In the previous two years autumn has lasted almost until the solstice, with snow and single digit (F) temps waiting until mid-December. This year, everything seems to be a month ahead. I approve.
It is a few weeks process getting acclimated to winter. The psychological and physiological aspects of cold adaptation cannot be rushed, nor can the great variety, numbers, and importance of gear. (I forgot my Houdini today, fortunately it was almost dead still.) Most importantly moving through snow, and the added foot-weight of snowshoes or skis, is strenuous in ways that cannot be effectively mimicked by dry land training.
Prepping to cross the Middle Fork of the Flathead at the start of today’s outing.
Winter is also a fountain of possibility. Early snow like we have now tends to be shallow, dry, and in most every way a hindrance to wilderness travel. In a month or two brush and blowdowns will be covered by compacted feet, and snow will become an expediant.
Today was forecasted to be cold, and I made modest plans to account for my lack of winter acclimation on all counts. I thought about a loop, but knew that I would most likely do a shorter out and back, which I did. Bring snowshoes and the packraft, ferry across the Middle Fork, snowshoe up to Harrison Lake, reverse, ferry back to the car. The seeing the freezing river ended up being so interesting that I packed the raft and paddle with me, and when I returned to the Middle Fork drainage headed upstream to give myself a mile or so of floating before I had to take out.
Packraft-carved passage in the ice. This had totally refrozen when I floated by on the way home 6 hours later
I had on Sealskinz socks (as a vapor barrier), but it still seems like a really bad idea to get my feet wet. Avoiding this at the put in was easy; place the boat on the 4-8′ of supportive ice along the shore, get in, seal the deck, slide right in. This same ice layer, specifically the 4-6 additional feet of ice that wouldn’t support my weight, made getting out with dry feet quite a bit trickier. I probed the shore a bit, then settled on ice-breakering my way into the small alcove pictures above. This process proceedes as follows: gather momentum with a few quick strokes, and just before contact with the ice lean back. Your unweighted bow and feet will slide over the ice, and aggressive forward weighting and bouncing breakes the ice into chunks. Shuttle the pieces behind you with the paddle, and repeat. Slow, but effective. My take out used a similar technique, and when I reached the weight-supporting ice braced one blade in the mud behind me and pushed myself up and totally onto the ice. What would have been two mundane river crossings turned into fascinating puzzles with temps near zero (F).

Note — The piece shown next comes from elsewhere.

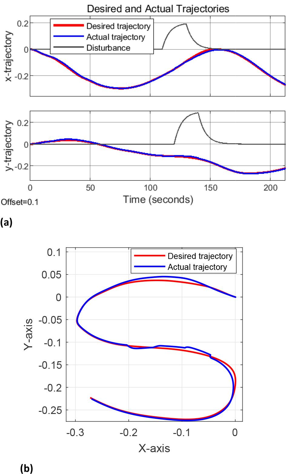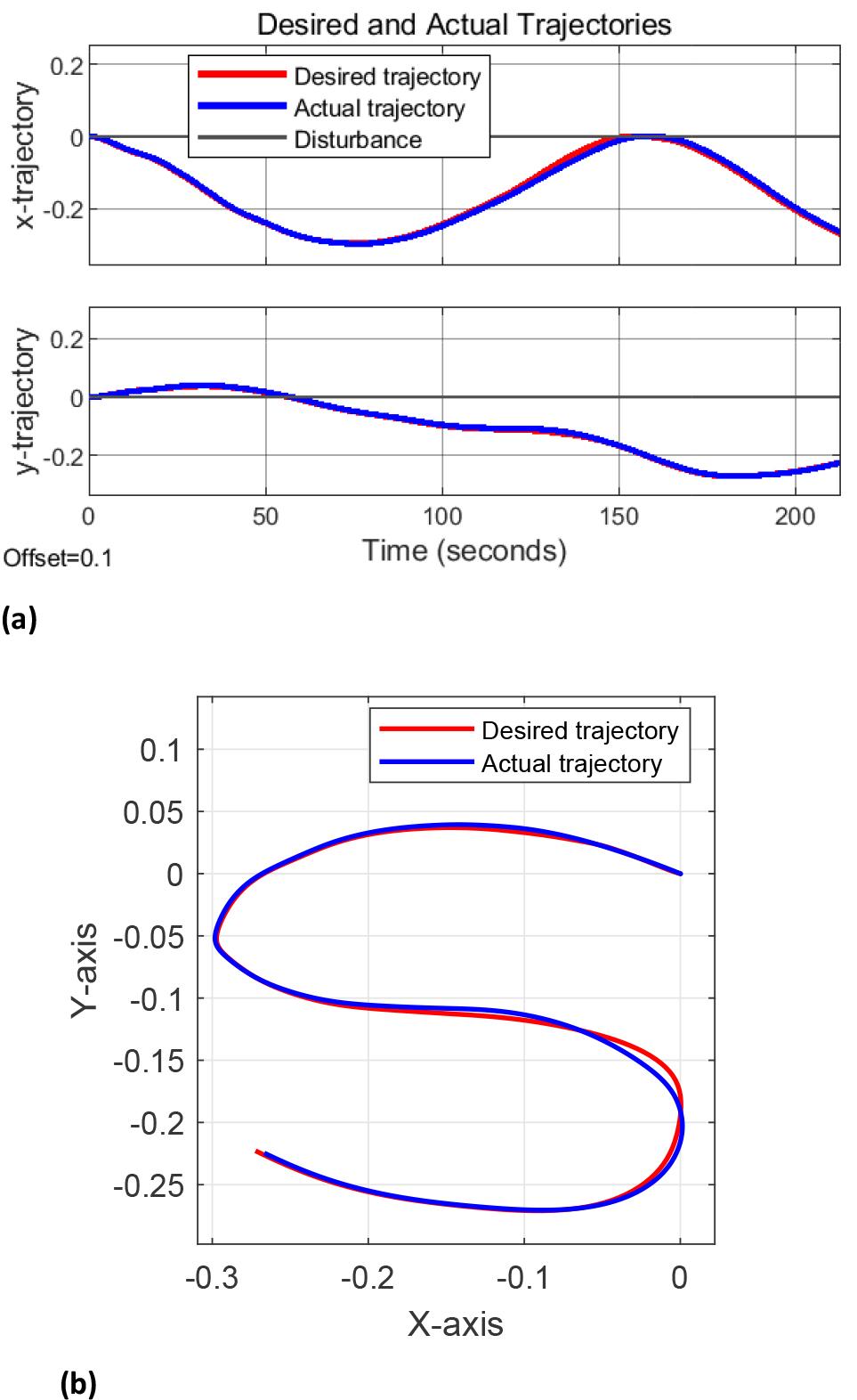 The deviation between the actual and desired end-effector trajectories executed by the robot is illustrated in Figure 10. This figure shows that the robot accurately tracks the desired trajectory throughout its motion. The simulation results further highlight the robot’s capability to maintain precise trajectory tracking in a 2D setting, providing an evaluation of the MRAC’s performance.

Ice build-up after the first crossing; perhaps 5 minutes of paddling. After the final take out all three joints were frozen shut, I had to carry the whole assembled paddle back to the truck.

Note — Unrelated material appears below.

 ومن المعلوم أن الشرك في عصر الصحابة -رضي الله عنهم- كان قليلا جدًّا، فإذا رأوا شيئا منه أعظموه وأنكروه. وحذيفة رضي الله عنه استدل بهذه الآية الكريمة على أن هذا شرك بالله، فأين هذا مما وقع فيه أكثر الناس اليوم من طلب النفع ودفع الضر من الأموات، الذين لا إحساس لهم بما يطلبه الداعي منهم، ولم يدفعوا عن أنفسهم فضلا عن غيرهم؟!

After the first crossing had been made, I was able to strap on my snowshoes and enjoy some aimless wanderings in the silent forest. Snow is a prodigious sound dampener, and though I saw some very fresh deer, moose, and wolf tracks, heard nothing other than flowing water and three differents species of bird. (Canada Goose, Killdeer, Dipper.)
You’ll see tress with ~12″ pieces of diagonal barbed wire tacked to them all over the park. They’re designed to do the above, catch fur from passing Griz. The DNA is then analyzed and conclusions extrapolated.

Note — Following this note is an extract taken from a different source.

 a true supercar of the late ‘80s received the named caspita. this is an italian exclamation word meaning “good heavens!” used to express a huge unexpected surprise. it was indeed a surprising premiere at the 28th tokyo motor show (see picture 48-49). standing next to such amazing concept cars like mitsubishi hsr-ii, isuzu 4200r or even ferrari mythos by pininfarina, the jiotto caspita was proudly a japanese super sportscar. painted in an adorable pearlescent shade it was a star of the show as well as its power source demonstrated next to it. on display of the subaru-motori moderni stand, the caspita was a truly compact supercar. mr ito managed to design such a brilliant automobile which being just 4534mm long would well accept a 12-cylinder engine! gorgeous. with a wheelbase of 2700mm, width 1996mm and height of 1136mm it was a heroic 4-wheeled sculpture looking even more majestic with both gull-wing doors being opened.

This wreck of a building looked a bit big to be an abandoned patrol cabin.
This tractor doesn’t seem like an NPS sorta thing, either. I wonder how big that cedar was when the tractor was, finally, parked? All this was in the midst of a good stand of forest, which doesn’t help explain it’s existence.
All in all, it was a splendid day out wandering around, getting used to winter. May it be long.